PROBLEM STATEMENT:
Collect the lines of the entries where "with" shows up.

SUPPLIED RECORDS:
[Start of section]

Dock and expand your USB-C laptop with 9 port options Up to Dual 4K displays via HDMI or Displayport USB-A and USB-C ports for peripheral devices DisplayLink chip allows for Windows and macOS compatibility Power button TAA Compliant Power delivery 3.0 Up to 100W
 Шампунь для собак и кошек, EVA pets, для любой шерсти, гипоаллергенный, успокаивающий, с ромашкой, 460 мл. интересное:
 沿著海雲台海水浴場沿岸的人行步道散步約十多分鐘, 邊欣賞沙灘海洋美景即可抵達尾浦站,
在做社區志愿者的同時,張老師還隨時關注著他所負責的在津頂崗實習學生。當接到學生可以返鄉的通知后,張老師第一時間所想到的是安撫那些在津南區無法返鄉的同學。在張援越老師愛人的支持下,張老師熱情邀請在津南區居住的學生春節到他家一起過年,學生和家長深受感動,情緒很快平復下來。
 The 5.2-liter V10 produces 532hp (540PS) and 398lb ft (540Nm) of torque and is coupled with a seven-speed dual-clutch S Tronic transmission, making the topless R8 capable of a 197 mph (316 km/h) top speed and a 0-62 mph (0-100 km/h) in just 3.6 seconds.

[End of section]
[Start of section]

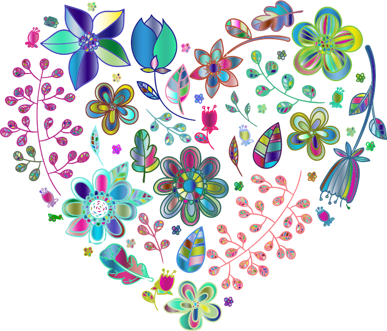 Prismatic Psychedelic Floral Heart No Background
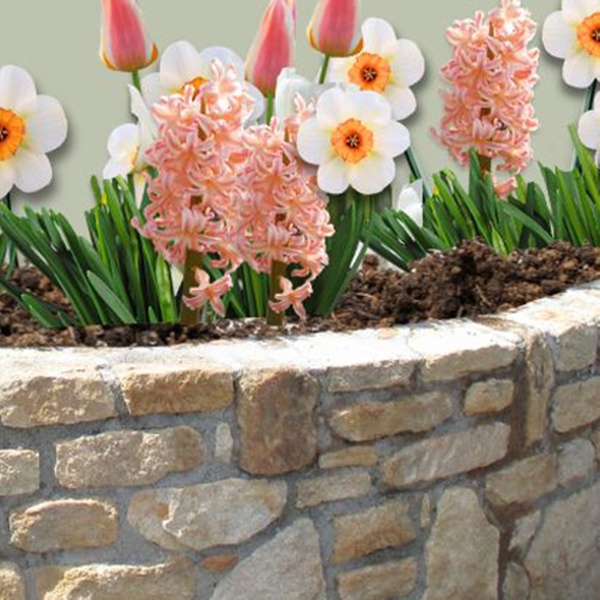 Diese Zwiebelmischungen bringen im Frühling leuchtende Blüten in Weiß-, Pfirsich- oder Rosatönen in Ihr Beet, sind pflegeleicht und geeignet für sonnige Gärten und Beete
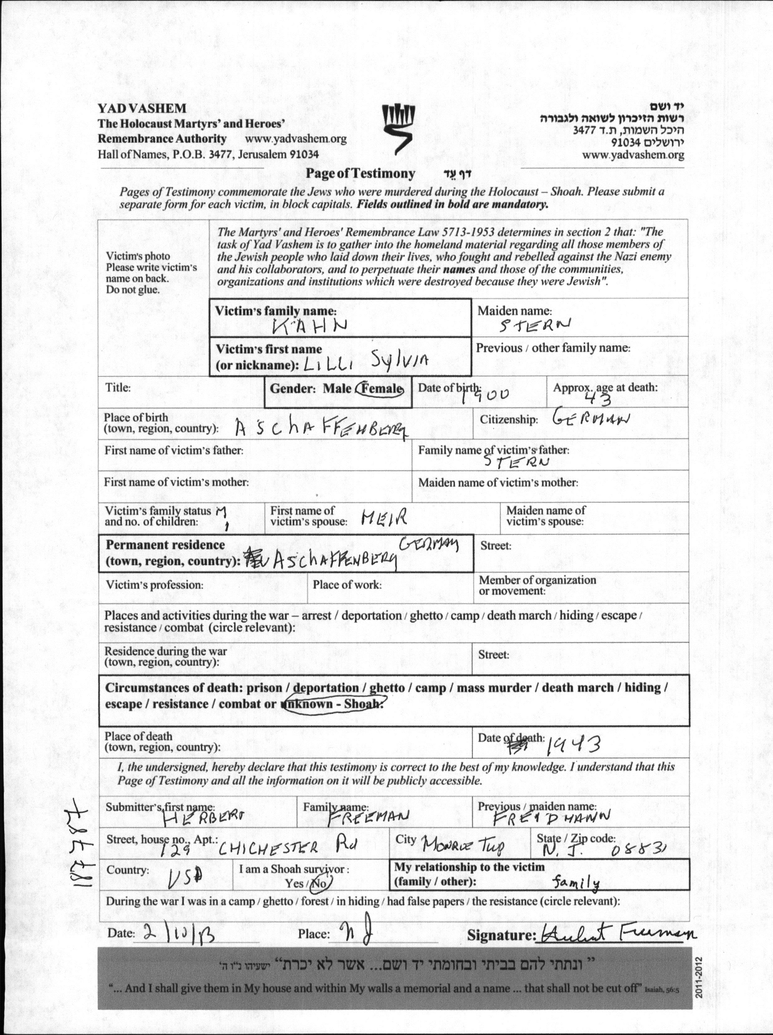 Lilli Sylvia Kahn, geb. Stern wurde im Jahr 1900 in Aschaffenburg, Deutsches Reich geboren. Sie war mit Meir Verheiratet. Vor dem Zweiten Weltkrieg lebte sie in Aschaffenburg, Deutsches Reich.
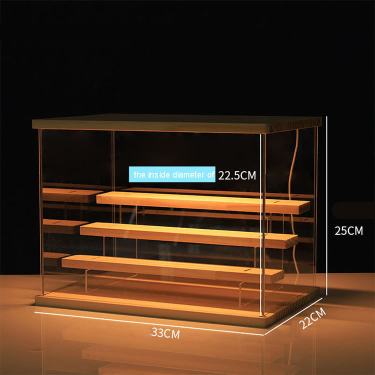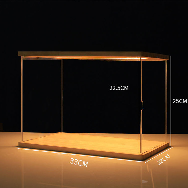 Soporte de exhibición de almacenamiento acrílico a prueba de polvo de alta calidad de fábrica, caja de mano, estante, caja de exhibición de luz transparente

[End of section]
[Start of section]

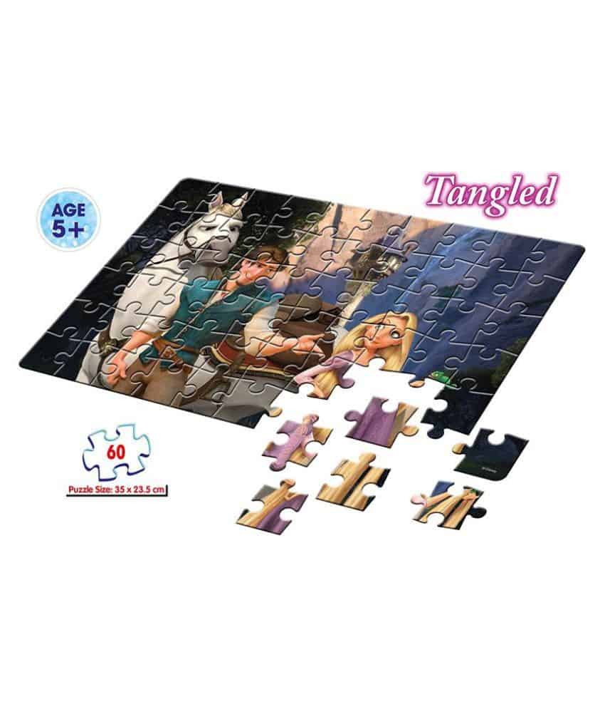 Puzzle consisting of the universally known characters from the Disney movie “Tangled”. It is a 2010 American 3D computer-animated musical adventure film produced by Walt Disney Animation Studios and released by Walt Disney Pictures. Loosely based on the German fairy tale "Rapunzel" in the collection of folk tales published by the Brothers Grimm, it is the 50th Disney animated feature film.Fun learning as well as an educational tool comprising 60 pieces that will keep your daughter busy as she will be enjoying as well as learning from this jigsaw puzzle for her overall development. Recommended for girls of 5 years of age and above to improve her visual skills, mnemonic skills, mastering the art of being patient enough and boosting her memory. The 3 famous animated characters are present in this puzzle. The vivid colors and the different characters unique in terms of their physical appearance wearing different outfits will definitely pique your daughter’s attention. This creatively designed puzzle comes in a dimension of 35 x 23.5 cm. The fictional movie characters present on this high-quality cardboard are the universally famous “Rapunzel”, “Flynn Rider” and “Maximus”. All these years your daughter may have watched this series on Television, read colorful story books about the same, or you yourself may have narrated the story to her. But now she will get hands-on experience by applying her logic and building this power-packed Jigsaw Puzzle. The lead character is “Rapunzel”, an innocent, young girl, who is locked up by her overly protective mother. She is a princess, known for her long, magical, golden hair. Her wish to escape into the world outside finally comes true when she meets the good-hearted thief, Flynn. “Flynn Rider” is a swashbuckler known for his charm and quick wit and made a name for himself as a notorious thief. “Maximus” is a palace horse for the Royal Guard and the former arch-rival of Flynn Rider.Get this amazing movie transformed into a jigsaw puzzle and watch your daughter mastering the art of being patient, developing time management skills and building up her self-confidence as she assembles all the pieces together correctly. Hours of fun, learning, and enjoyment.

[End of section]

TASK RESULT:
Dock and expand your USB-C laptop with 9 port options Up to Dual 4K displays via HDMI or Displayport USB-A and USB-C ports for peripheral devices DisplayLink chip allows for Windows and macOS compatibility Power button TAA Compliant Power delivery 3.0 Up to 100W
 The 5.2-liter V10 produces 532hp (540PS) and 398lb ft (540Nm) of torque and is coupled with a seven-speed dual-clutch S Tronic transmission, making the topless R8 capable of a 197 mph (316 km/h) top speed and a 0-62 mph (0-100 km/h) in just 3.6 seconds.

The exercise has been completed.